How does one know that one is making a mistake? “The decision to buy or sell equities should not be based on external factors such as a trade war fears or a prediction that market will go up or down. Buy and sell only if asset allocation has changed, there is increase or decrease in monthly inflow, your goal is nearing or an there’s an addition in the family,” says Joshi.
In Pic: Amol Joshi, Financial Planner
"Tying investments to goals saves investors from the adverse impact of knee-jerk reactions."
A periodic rebalancing of the portfolio is one way to control emotions. Ideally, you should review your portfolio on a yearly basis or after a big upward or downward movement in the market that disturbs the predetermined asset allocation. Most respondents to our survey got this right, but a significant segment failed the test. In fact, one out of five respondents didn’t even know how to rebalance.
When do you rebalance portfolio?
- Rebalancing is crucial to investing and ensures stable returns.
- As many as 35% of people earning more than Rs 24 lakh per annum don't know how to rebalance their portfolio.
- Safety of capital is critical if goal is very near.
- Almost 40% of the respondents believe that the best option to invest for a goal two years away were equity and hybrid funds.
- More than a third of the respondents did not know whether flat of reducing balance rate is better.
- A financial adviser can help you identify the best deal.
- Around 12% of the respondents earning less than Rs 6 lakh preferred stopping SIPs in a downturn.
- If you don't have time for DIY, engage an adviser
- More than 25% of the respondents barely spend any time to manage their finances.
Knowledge is the best weapon
As mentioned earlier, managing your own finances is not difficult. But you have to be well armed to take on that challenge. “An investor can gain knowledge the costly way through his own experience in the market or the inexpensive way by learning from others’ experience,” says Nilesh Shah, Managing Director, Kotak Mutual Fund.

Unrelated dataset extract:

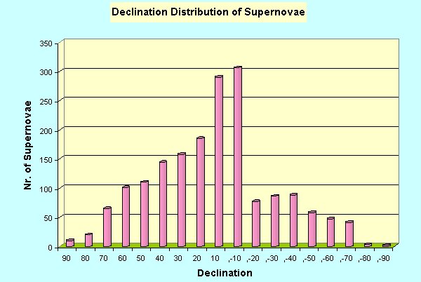 This graph shows the distribution of SNe according to the declination of their parent galaxies. Four Intergalactic Supernovae are not considered as it's impossible to establish a correct declination.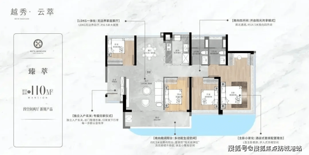 对于追求更高生活品质的改善型家庭,越秀云萃提供了建面约106㎡、110㎡的四房户型。106㎡户型南北通透,实际使用面积堪比天河125㎡户型,非常适合三代同堂居住;110㎡户型拥有14.5米的超大南向开间,LDKG无边界巨厅搭配6.5米长阳台,空间开阔大气,尽显豪宅风范。这两款户型在设计上更加注重空间的流动性和功能的完善性,满足了大家庭对舒适生活的向往。

The only way to do that is by extensive reading of books, magazines and personal finance portals to improve your skills.
This should be done even if you decide to engage a financial adviser. As Kanwal says, “I take advice from a professional but make sure that I understand the rationale behind the advice he gives me.” In other words, keep the reins of your finances with yourself. After all, it is your money.
All charts, except when people seek professional help, show responses from people who don’t have an adviser.